Pourquoi les effets d’une contamination au Covid-19 sont-ils si variables d’un patient à l’autre ? Une équipe franco-américaine de chercheurs vient fournir de premiers éléments de réponse à cette question susceptible de changer la donne en matière de dépistage des personnes à risque de développer une forme grave de la maladie et en matière de prise en charge.

Selon leurs travaux, près de 15% des formes graves du Covid-19 s’expliqueraient en effet par des anomalies génétiques et immunitaires entraînant la défaillance d’une puissante molécule antivirale, naturellement produite par l’organisme en cas d’infection.

Aussi à l’origine de formes sévères de grippe

Ces recherches, détaillées dans deux articles publiés par la revue américaine Science, pointent plus précisément un défaut touchant des protéines du système immunitaire, des interférons (IFNs) de type 1. “Il s’agit d’un défaut de production ou d’action des interférons de type 1”, souligne le professeur Jean-Laurent Casanova (Institut Imagine, Paris et Université Rockefeller à New-York). Dans le détail, des anomalies génétiques (mutations de 13 gènes) mises en évidence par l’étude diminuent la production des IFN de type I et se trouvent être à l’origine de 3 à 4% des formes graves.

Les mutations de ces gènes sont aussi “la cause de certaines formes sévères de grippe”, précise l’Inserm. Quel que soit leur âge, les personnes qui en sont porteuses sont donc plus à risque de développer une forme potentiellement mortelle de grippe ou de Covid-19.
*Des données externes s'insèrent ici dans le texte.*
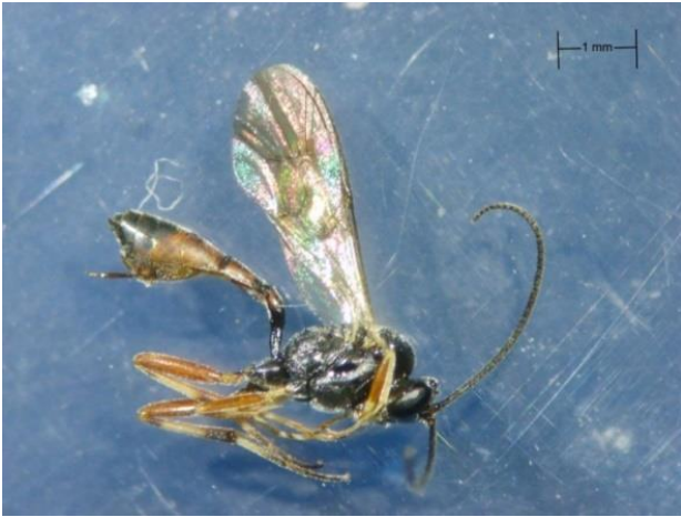
Figure 1 The adult female of Hyposoter didymator (Thunberg)

Les hommes majoritairement touchés

L’équipe dirigée par le Pr Casanova et le professeur Laurent Abel (Institut Imagine/Inserm), en collaboration avec Helen Su de l’Institut national américain des allergies et des maladies infectieuses (NIAID/NIH) a fait une autre découverte. Elle repose sur l’identification chez d’autres patients âgés de 25 à 87 ans d’une forme de maladie auto-immune, en l’occurrence la présence à des taux très élevés dans le sang d’anticorps mal orientés, appelés auto-anticorps. Ces derniers neutralisent l’action anti-virale des IFN de type 1 (chez au moins 10% des formes graves de Covid) au lieu de s’attaquer au virus.

Fait relativement étonnant : d’après les chercheurs, cette anomalie frappe plus d’hommes que de femmes, alors que les maladies auto-immunes (dysfonctionnement du système immunitaire qui le conduit à s’attaquer à certains de ses constituants normaux) concernent généralement beaucoup plus les femmes. En outre, les résultats recueillis laissent supposer que la fréquence de ces anticorps augmente avec l’âge.

Des implications immédiates sur le traitement

L’administration précoce d’interférons, disponibles depuis des décennies et a priori sans effets secondaires notables s’ils sont pris pendant une courte période, pourrait être une piste thérapeutique pour ces patients. S’agissant des malades ayant ces mauvais anticorps, il pourrait s’agir d’utiliser un interféron qu’ils ne neutralisent pas. Ces derniers pourraient bénéficier d’une plasmaphérèse (prélèvement de la partie liquide du sang contenant notamment les anticorps), ou d’autres traitements pouvant réduire la production de ces anticorps par les lymphocytes B.